The scene has, of course, already been turned into a masterful gif.

Red-and-white and green all over, the 22-year-old Holtby has now played the same number of regular-season games as he has postseason games this year in the NHL. That would be seven.

With the first two options on the Capitals’ depth chart, Tomas Vokoun and Michal Neuvirth, out with injury, third-stringer Holtby was summoned from the AHL’s Hershey Bears. A long shot to outduel the defending Conn Smythe and Vezina winner at the opposite end of the rink, Holtby (.940 save percentage) has been equal parts spectacular and unflappable, besting Tim Thomas in the closest NHL playoff series ever contested. All seven Bruins-Caps games were decided by a single goal, a league first; four of them needed overtime, one needed double.

Frustrating playoff poolies to no end, Holtby shutout Milan Lucic and Patrice Bergeron all series and held 20-goal-scorers David Krejci, Chris Kelly and Brad Marchand to a single marker each.

If Holtby came into the postseason lacking experience, he is trying to make up for it, leading all NHL players with 449:15 of ice time.

Drafted by Washington 93rd overall in 2008, the Lloydminster, Sask. native made his NHL debut against the Bruins back on Nov. 5, 2010, replacing Neuvirth with 10 minutes left in the third period.

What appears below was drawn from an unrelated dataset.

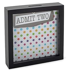 Admit Two Polka Dot 7 x 7 Black Wood Shadow Box Ticket Stub Holder

Holtby stopped all four shots he faced in relief, the Caps in front of him scored twice, and the kid’s first win proved to be foreshadowing.

Despite posting better numbers in the bigs (10-2-2, two shutouts, 1.79 GAA, .934) during his 14 NHL appearances in 2010-11 than he had in any of his seasons with the AHL Bears or the WHL’s Saskatoon Blades, Holtby was returned to Hershey in March 2011. Only injury, and not Washington’s underachieving regular season, gave cause for him to return.

The last rookie netminder to win a Game 7 before Holtby did on Wednesday, when Ward potted the 2-1 OT clincher, was the Buffalo Sabres’ Steve Shields in 1997 versus the Ottawa Senators. But starting rookies when it counts is what the modern-day Capitals do.

Over the last four postseasons, Washington rookie goalies have claimed all of the franchise’s 18 victories. Semyon Varlamov had 10, Neuvirth four, and now Holtby has four and counting. All other NHL clubs combined during the last four years have only 15 wins attributed with freshmen between the pipes.

While the headlines of the opening round have featured a heaping dose of the negative – Increase in suspensions! Blind referees! Collapse in Vancouver! Racist tweeters! – the performance of a young unlikely superstar is refreshing.

“My type of fun is intensity, is big games, big moments,” Holtby told the Washington Post after Game 4. His 44-save show in that contest was the most by a rookie since Ken Dryden’s 46-save gem against Boston in 1971. “I might not show it on my face, but that’s the way I’ve always been. I’ve always had the most fun when I’m battling and competing.”

With Washington headed to Round 2, Holtby’s now glaring at a lot more fun. Don’t bet on him to blink.